The end of summer I finally broke down and told my family. I dreaded this day. I had so so much anxiety over it. I had no idea how to say what needed to be said and I really didn’t know what to say. My mother kept asking me questions about what my intentions were with him and I sort of just shrugged it off while she gave me skeptical looks. I also had aunts asking questions about him and one aunt called me late at night and said, “You’re too happy when you talk about him! What’s going on with you two?” Again I tried to shrug it off, but she told me she assumes I made the decision to move and she also asked me, “Have you already married him!?!?!”

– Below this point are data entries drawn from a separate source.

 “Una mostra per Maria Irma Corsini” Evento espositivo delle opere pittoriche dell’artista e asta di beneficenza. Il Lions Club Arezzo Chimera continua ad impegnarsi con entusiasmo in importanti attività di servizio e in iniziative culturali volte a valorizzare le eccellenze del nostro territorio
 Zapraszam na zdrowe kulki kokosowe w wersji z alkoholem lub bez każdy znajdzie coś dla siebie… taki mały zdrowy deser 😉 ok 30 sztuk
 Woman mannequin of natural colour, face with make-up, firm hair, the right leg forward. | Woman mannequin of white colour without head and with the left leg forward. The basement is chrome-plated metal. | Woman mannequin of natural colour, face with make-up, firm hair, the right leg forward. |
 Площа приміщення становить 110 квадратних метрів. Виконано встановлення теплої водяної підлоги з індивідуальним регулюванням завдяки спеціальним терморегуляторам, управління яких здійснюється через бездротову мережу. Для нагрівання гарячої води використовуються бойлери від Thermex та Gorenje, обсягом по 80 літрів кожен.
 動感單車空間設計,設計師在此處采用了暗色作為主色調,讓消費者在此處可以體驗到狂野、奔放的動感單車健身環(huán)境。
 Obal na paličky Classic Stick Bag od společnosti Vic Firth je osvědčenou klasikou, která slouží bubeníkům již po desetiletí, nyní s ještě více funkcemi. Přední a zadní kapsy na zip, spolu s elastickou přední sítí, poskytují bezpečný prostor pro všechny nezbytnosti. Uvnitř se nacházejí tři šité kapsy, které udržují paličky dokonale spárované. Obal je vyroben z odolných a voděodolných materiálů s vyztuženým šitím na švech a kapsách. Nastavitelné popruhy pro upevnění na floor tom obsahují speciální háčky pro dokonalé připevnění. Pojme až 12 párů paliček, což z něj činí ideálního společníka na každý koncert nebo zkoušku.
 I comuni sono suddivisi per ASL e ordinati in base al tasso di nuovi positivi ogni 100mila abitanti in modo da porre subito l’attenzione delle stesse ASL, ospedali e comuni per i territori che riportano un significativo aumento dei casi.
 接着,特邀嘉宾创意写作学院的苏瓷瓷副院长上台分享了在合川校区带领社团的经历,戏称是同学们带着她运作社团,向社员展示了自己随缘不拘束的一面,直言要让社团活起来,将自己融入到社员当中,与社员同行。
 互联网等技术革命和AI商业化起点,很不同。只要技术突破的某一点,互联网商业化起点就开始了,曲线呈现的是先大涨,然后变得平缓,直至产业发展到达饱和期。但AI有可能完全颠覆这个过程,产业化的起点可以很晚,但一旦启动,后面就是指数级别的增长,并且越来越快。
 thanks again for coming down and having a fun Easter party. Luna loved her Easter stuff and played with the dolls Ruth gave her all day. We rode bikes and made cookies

I obsessed with this thought of telling family for a couple of weeks and one night I finally sat at my laptop with some Pepto Bismol at hand and over a few hours I wrote an e-mail. I wanted to say this face to face so badly, but couldn’t bring myself to doing it. I worried myself sick (literally) over this. I had to explain in e-mail if I told them in person I’d buckle or shut off or more likely, it would simply just never happen. I waited another week after the e-mail was finished before I sent it out. Luckily, it really wasn’t as bad as I expected. Then again, my life’s motto is, “Expect the worst so you’re not disappointed.” I explain this as not being pessimistic, but optimistically realistic. Some family members were okay with it and others were crushed. Some questioned me harshly and others accepted it. All of this was expected already of course.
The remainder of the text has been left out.